5 The Cronut: made of croissant-style pastry that’s fried like a doughnut, filled with cream and topped with glaze
6 The Mission R: an electric motorcycle that has a top speed of 240km/h and a range of up 225km.
7 The Plus Pool: an Olympic-size pool that will float in New York’s East River – and clean the water at the same time.
8 The Oculus Rift: a virtual-reality headset that puts the gamer inside the game.
9 The edible password pill: consists of a tiny chip powered by stomach acid and that emits a signal that can be detected by your phone or computer, essentially turning your body into a password.
10 The invisible skyscraper: South Korea’s Tower Infinity will use a combination of LEDs and cameras to give the appearance of being invisible to people on the ground.
11 The 3Doodler: a pen that doodles in three dimensions, creating freestanding structures in coloured plastic.
12 Volvo’s solar pavilion: a flexible solar panel that charges your car and folds up to fit in the boot.
13 Artificial memories: MIT scientists were able to make a mouse react as if it had received shocks in one part of its body when it had actually experienced that pain in another.
14 The Amplituhedron: physicists at the Institute for Advanced Study in Princeton discovered a major shortcut for predicting subatomic-particle collisions.
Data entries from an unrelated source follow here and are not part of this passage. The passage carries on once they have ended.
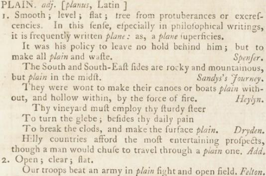 The 1773 edition covers "plain" very well. I attach a screenshot of the first three definitions in the list.
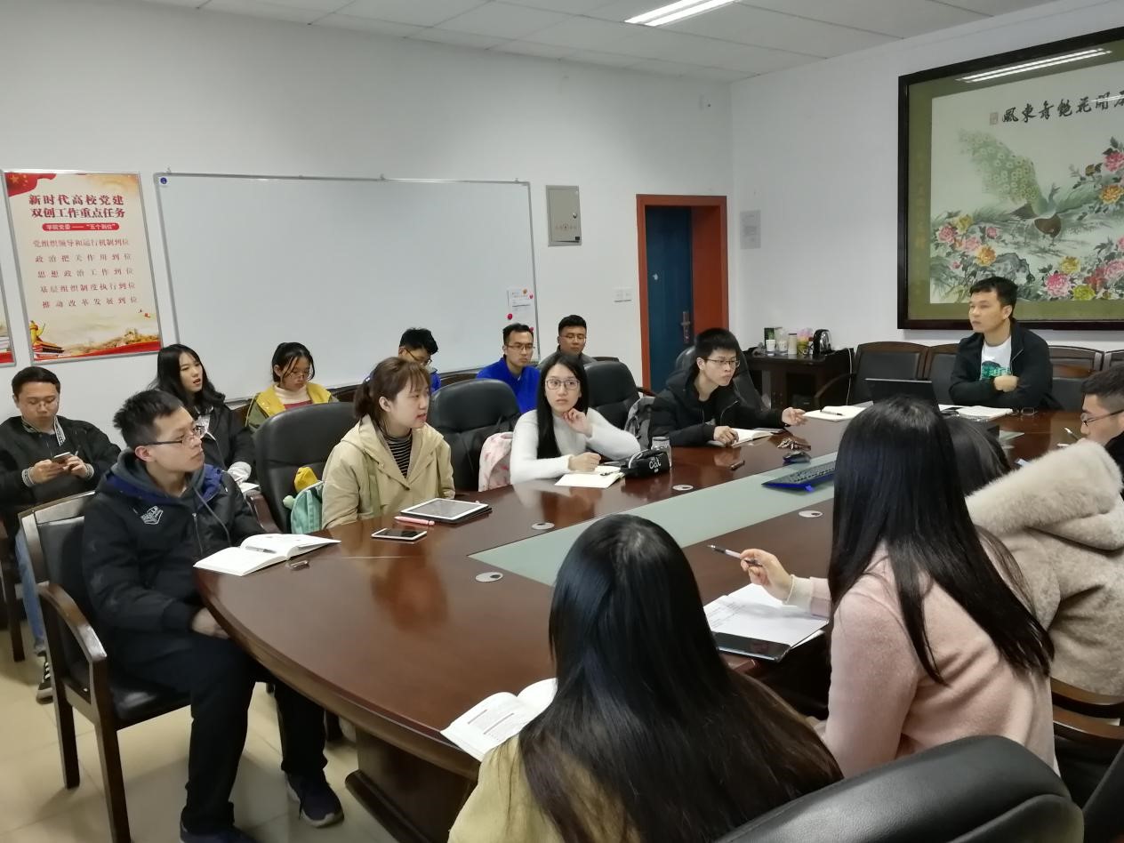 会议伊始,曹书记明确了此次会议的主要任务——讨论支部年度工作计划初稿,并将其完善落实。曹书记指出,支部年度计划的制定应从以下两点出发:一为全员参与支部工作,在建设支部的过程中提升自我,增强党性修养;二是加强对预备党员的培养,发挥支部“传、帮、带”的作用,提前应对支部组织结构的变化。此外,支部还明确了年度计划工作开展的主要思路,支部建设需贯彻落实学校必赢亚洲 的政策,围绕“五化建设”的方针,将“书香支部”建设作为贯穿全年的重点工作,持续推进特色支部创建工作;支部同时应把握好全年重要时间节点,着重开展以“实践、感恩、传承”为主题的毕业生党员系列活动,做好支部“交接棒”的工作。
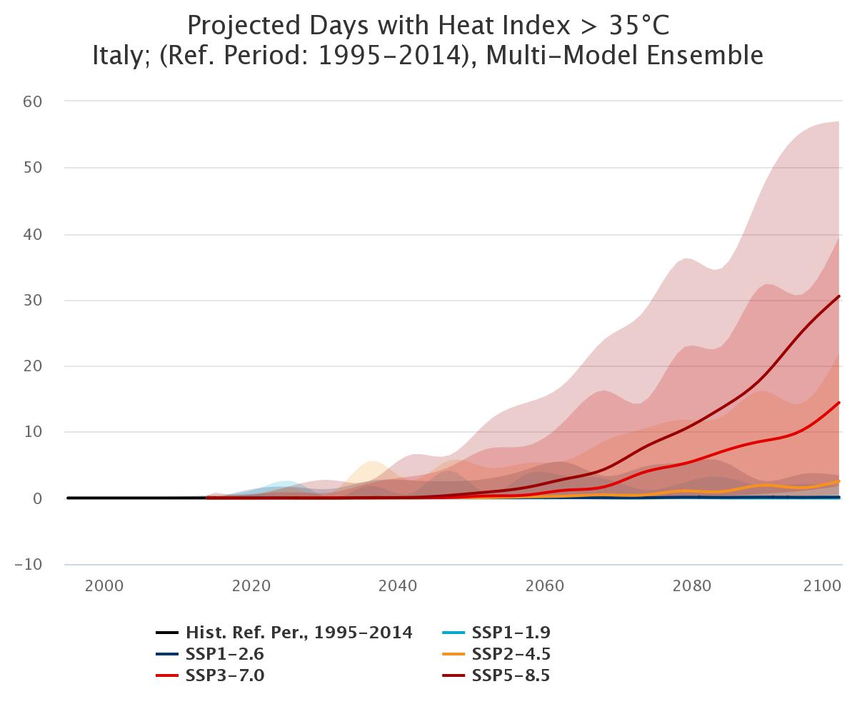 Le temperature future (gli scenari SSP1 1.9 e 2.6 sono da ignorare visto che sono praticamente irrealizzabili): E i giorni con medie sopra i 35 gradi: Dati: https://climateknowledgeportal.worldban ... ntry/italy
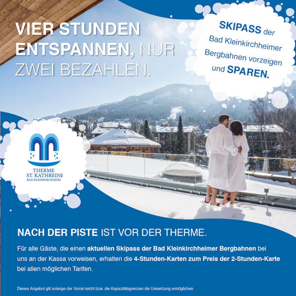 Skipass der Bad Kleinkirchheimer Bergbahnen an der Kassa der Therme zeigen und 4 Stunden zum Preis von 2 genießen.
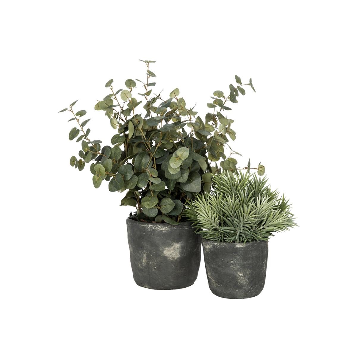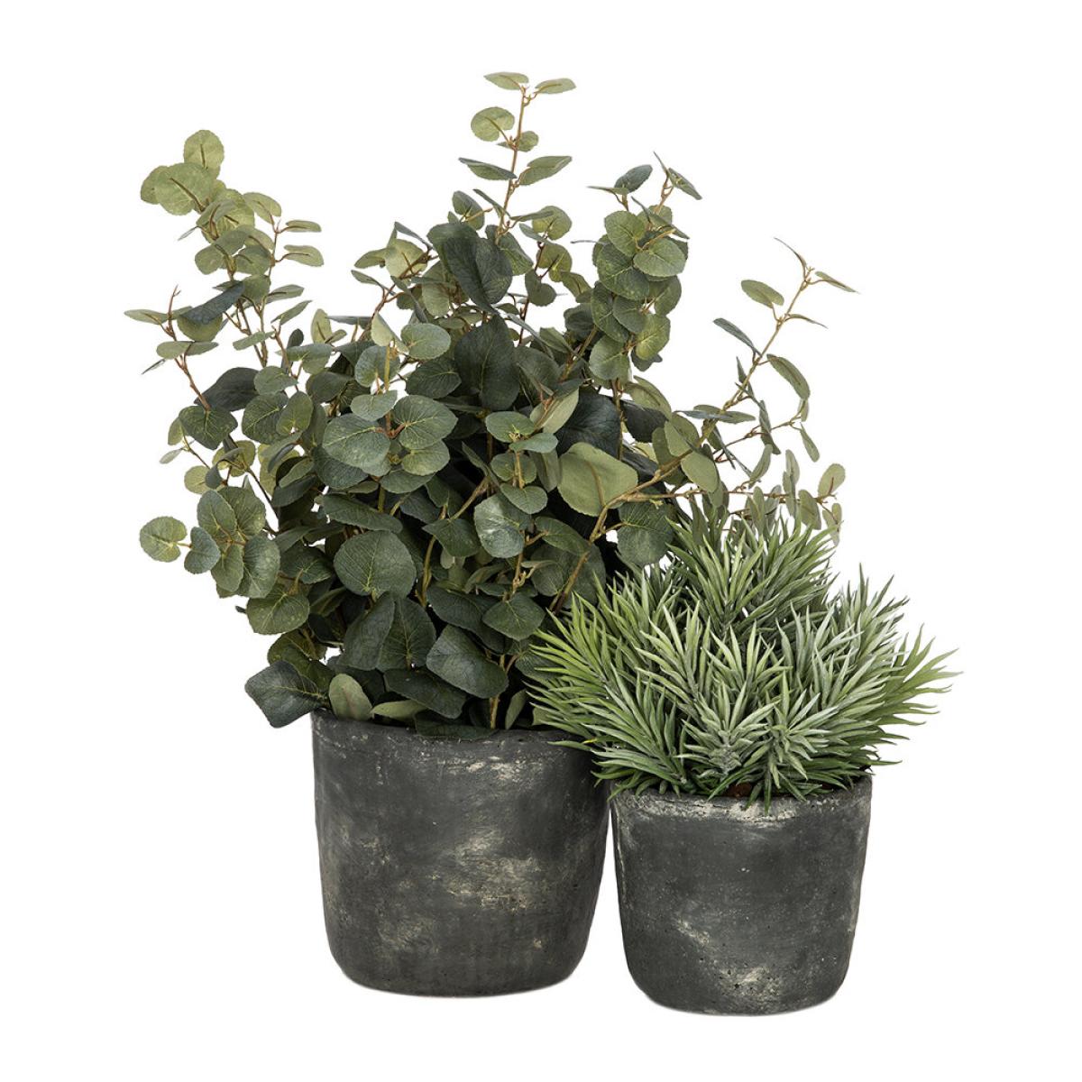rtfact - Eucalyptus & Spikey Succulent In Vase - Set of 2
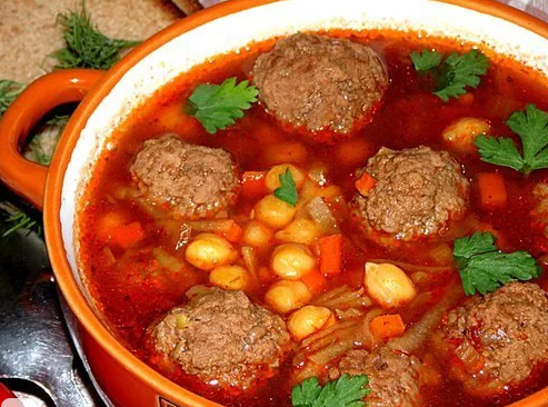 Сформировать из фарша небольшие фрикадельки и аккуратно добавить их варится к нуту
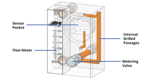 細(xì)胞消除器塊 | 包含完整的樣品系統(tǒng),其所有組件均完全集成,包括流量控制閥、流量計(jì)、樣品閥、量程閥和密封電磁閥 |
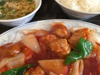 開店準備をしていた頃にご主人に「沼津の杭州さんですか?」とお伺いしたら、一人で長く続けたいから、こちらに移ってきたとおっしゃっていました。料理の種類が爆発的に多かった沼津のお店から、かなり品数を絞ったとのことでした。絞っただけのことはあって、どの料理もおいしそう。主に800円程度のメニューが多かったようですが、今日は酢豚のランチをいただきましたよ。すっぱくてさっぱりした酢豚はもちろん野菜たっぷりだし、スープもおいしいし、なんとご飯はお替り自由。お手頃で通えそうなヘルシーさでしたよ。 (投稿:2015/09/18 掲載:2015/10/23)
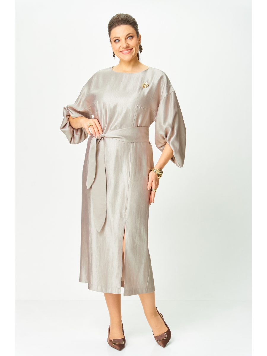 Платье прямого силуэта, с отрезными бочками и разрезом по низу платья. Застежка на декоративную молнию в центральном шве спинки. Горловина круглая. Рукава со спущенной проймой. Рукав широкий, с асимметричным низом, собранным на резинку.
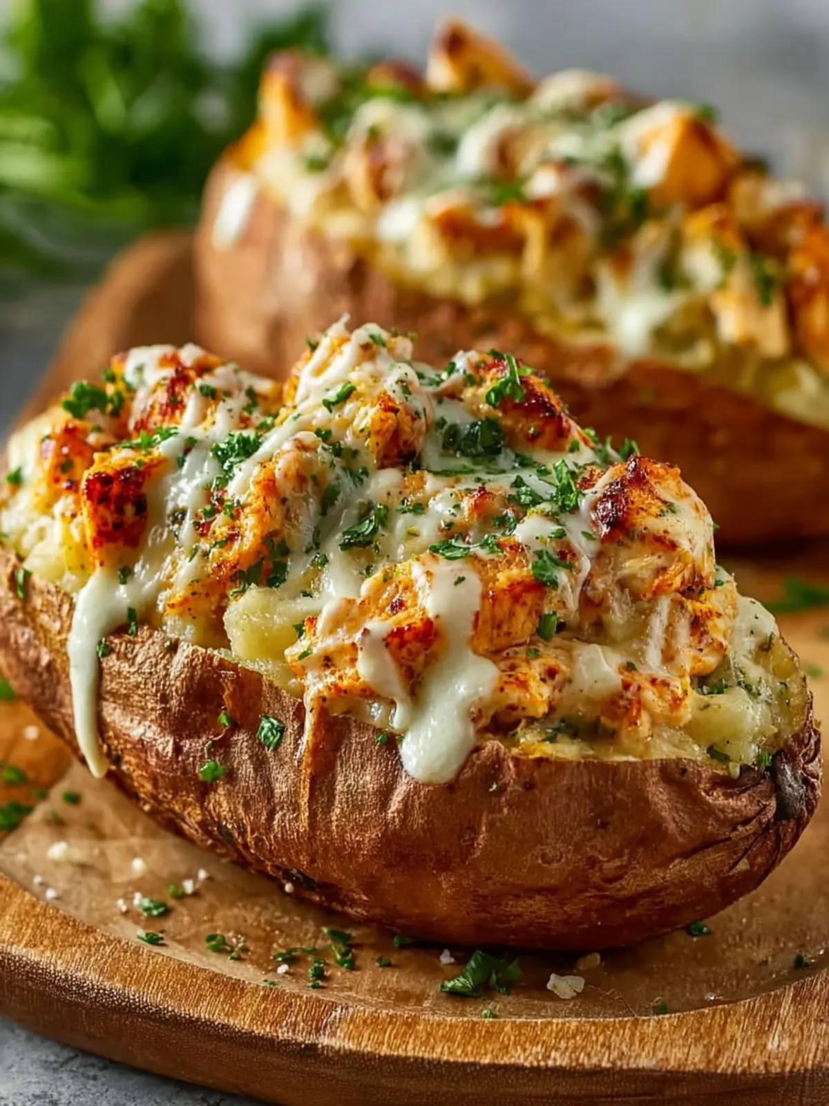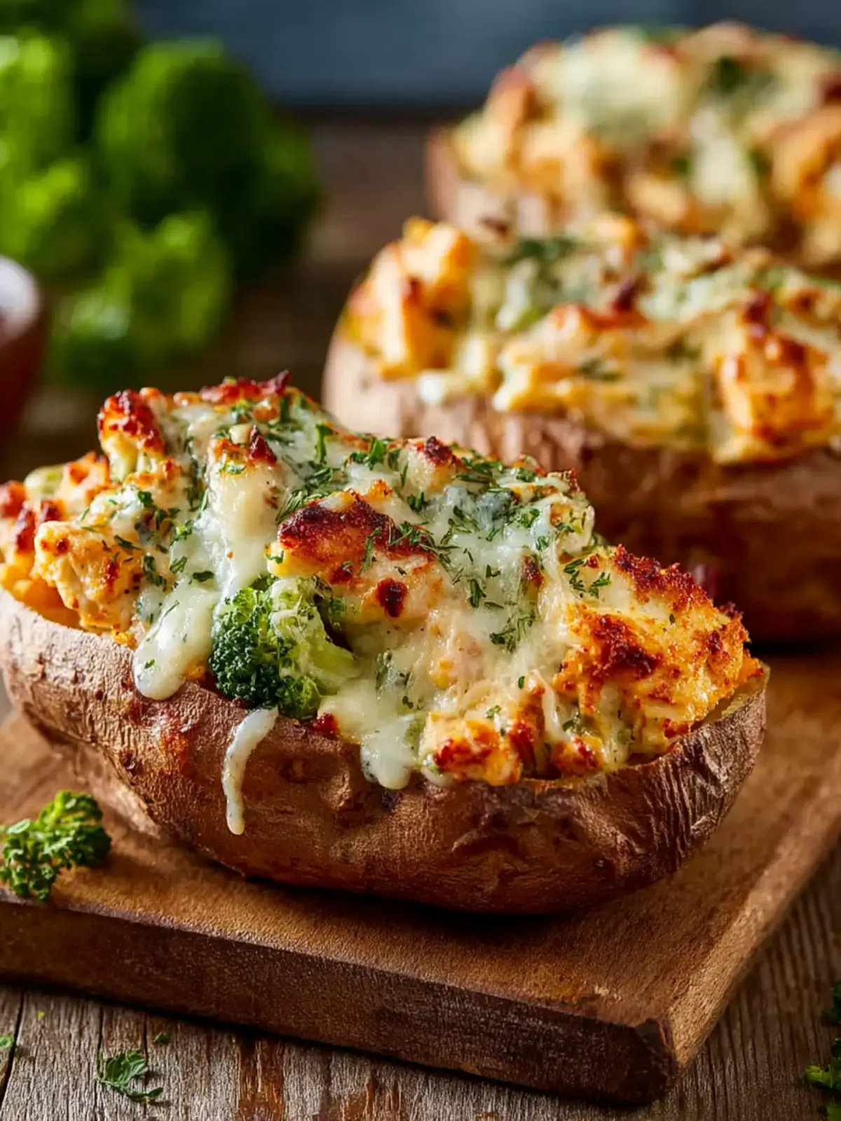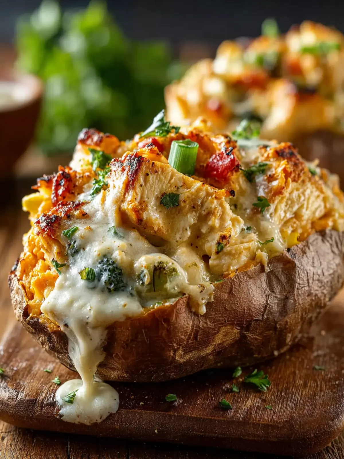 A delicious and hearty stuffed sweet potato recipe filled with creamy chicken and vegetables.
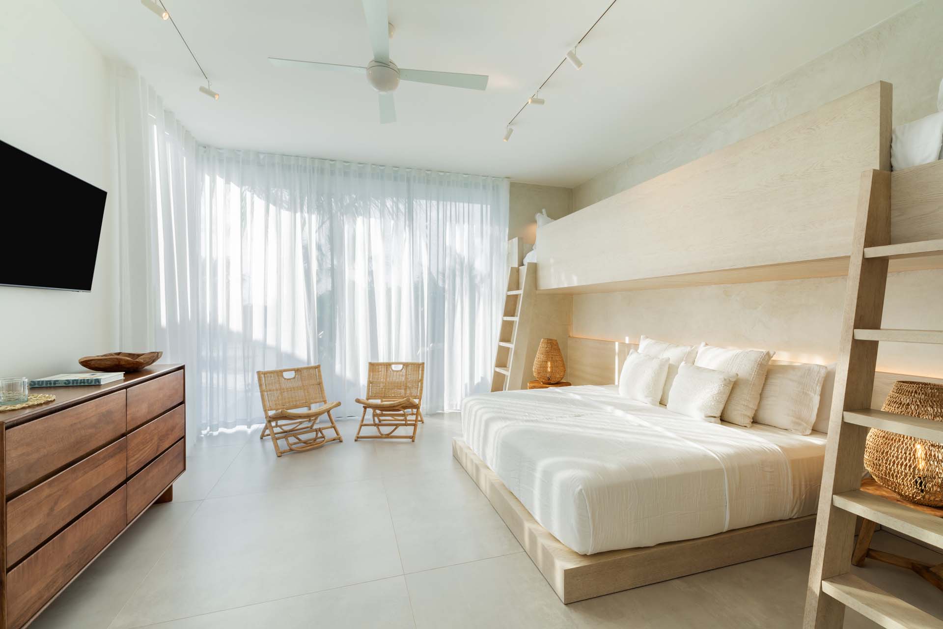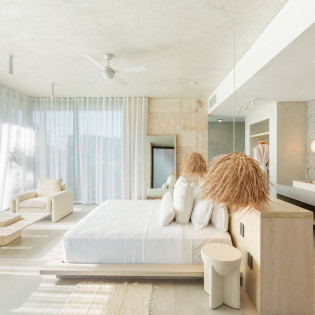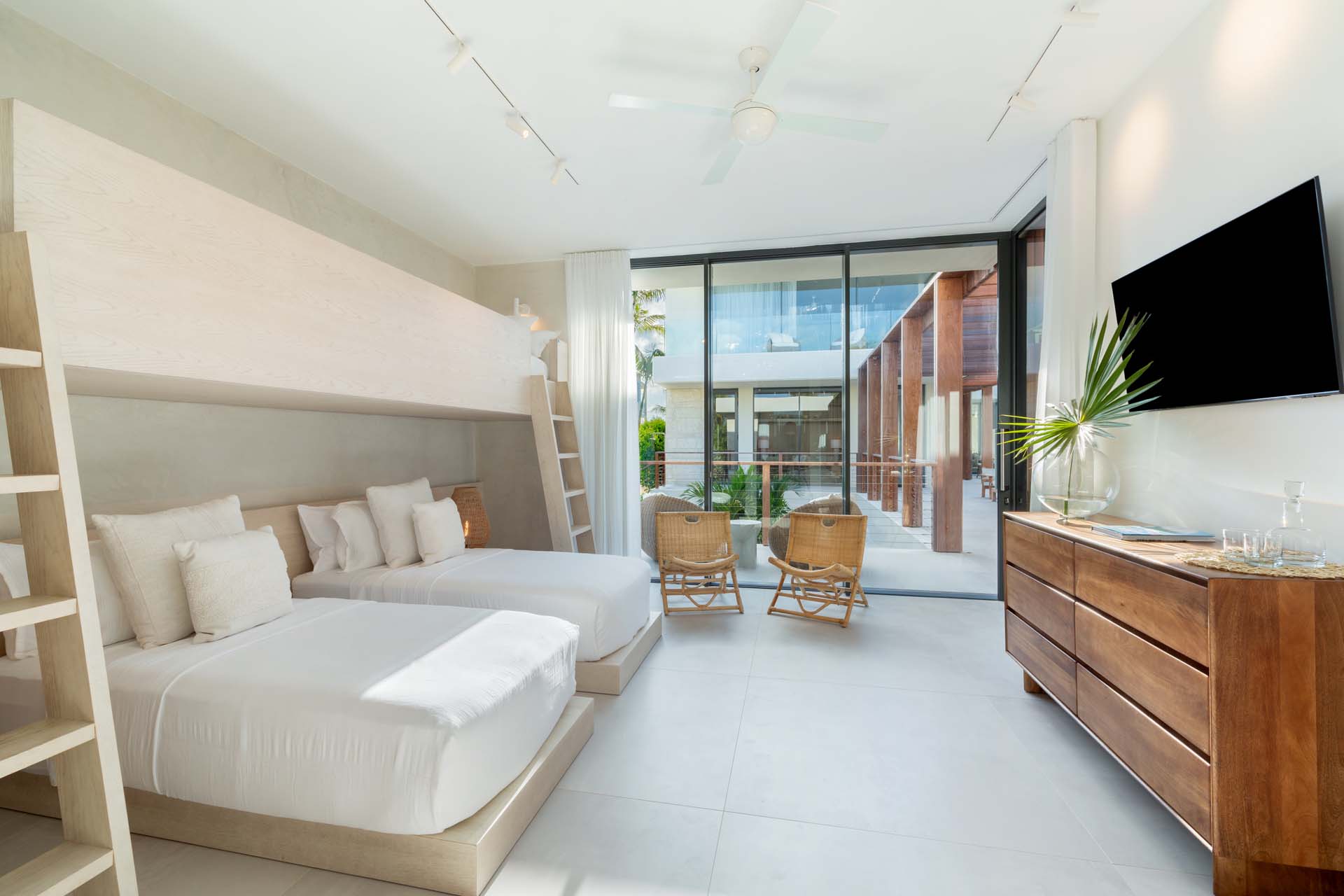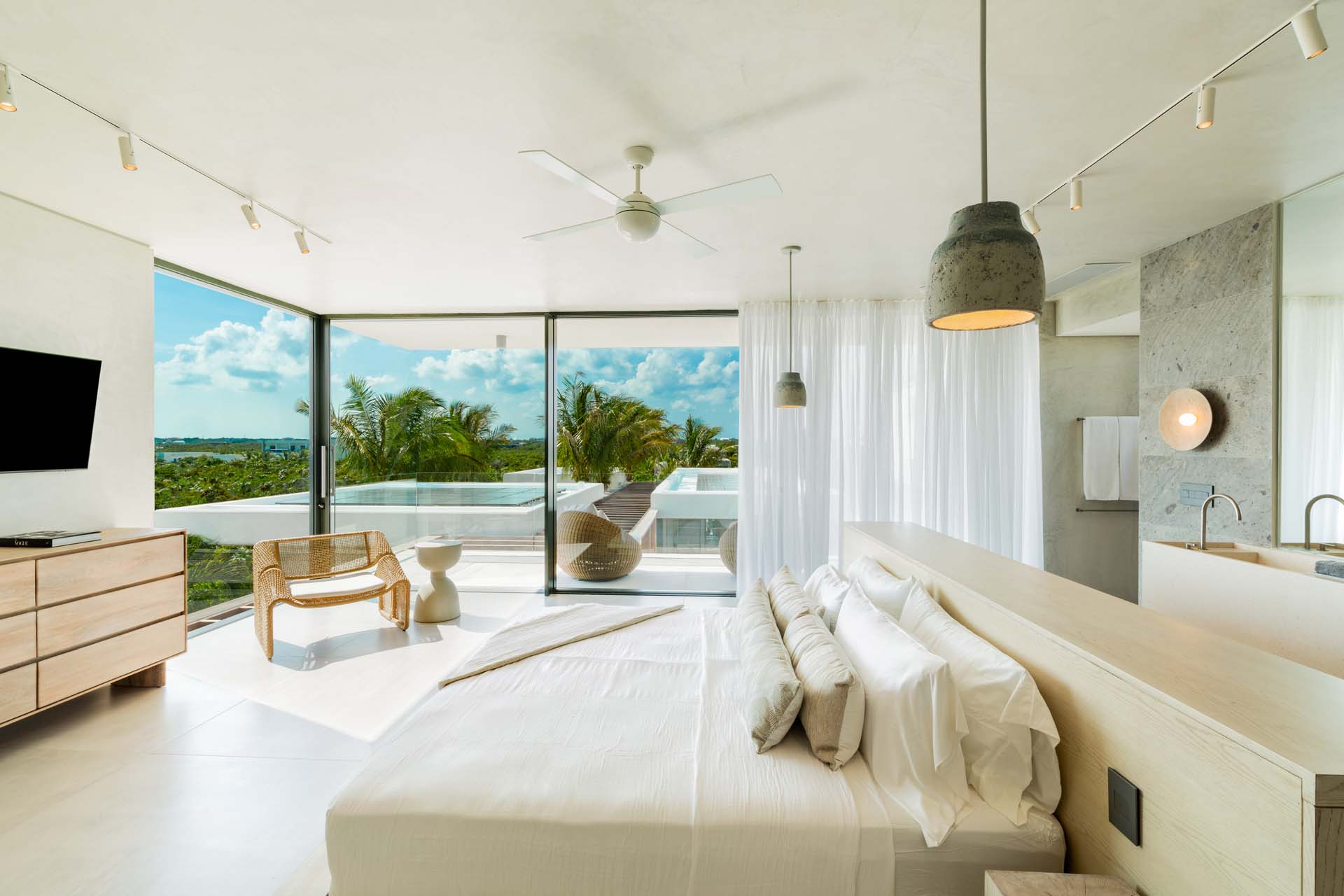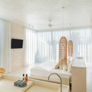 Each bedroom has been styled for maximum comfort and elegance. Whether you’re seeking solitude, a romantic getaway, or a family-friendly space, every room serves as a serene escape. On the upper floor of the main residence, you’ll find three bedrooms, each featuring private rain showers and serene ambiance—perfect for unwinding after a day in the sun.

15 Nest protect smoke alarm: a smoke and carbon monoxide detector that you can silence simply by waving at it and that will text you when its battery is running low.
16 A new atomic clock: 100 times more accurate than the current clock, it will lose only about one second over the lifetime of the universe.
17 The Gravitylight: operated by the weight of a bag of stones, sand or water it could replace kerosene lamps widely used in the developing world.
18 SpaceShipTwo: developed by Virgin, promises to shuttle citizens into space as early as 2014.
19 The gastric-brooding frog
20 The Atlas robot: designed to imitate human rescuers in disaster response and emergency recovery
21 The Argus II: an implanted retina attached to a pair of glasses and a video unit that can restore partial vision to those who have severe retinitis pigmentosa.
22 The X-47B drone: developed by the US Navy and powered by the same jet engine used on fighters it can carry 2040kg of weapons with a greater range.
23 Waterless fracking: Canadian company GasFrac uses gelled liquid petroleum rather than water to frack wells.
24 The artificial pancreas: detects dropping sugar levels and shuts off regular insulin delivery for type 1 diabetics, just like a real pancreas.
25 Rewalk: an exoskeleton that offers movement to paraplegics by anticipating shifts in the user’s balance.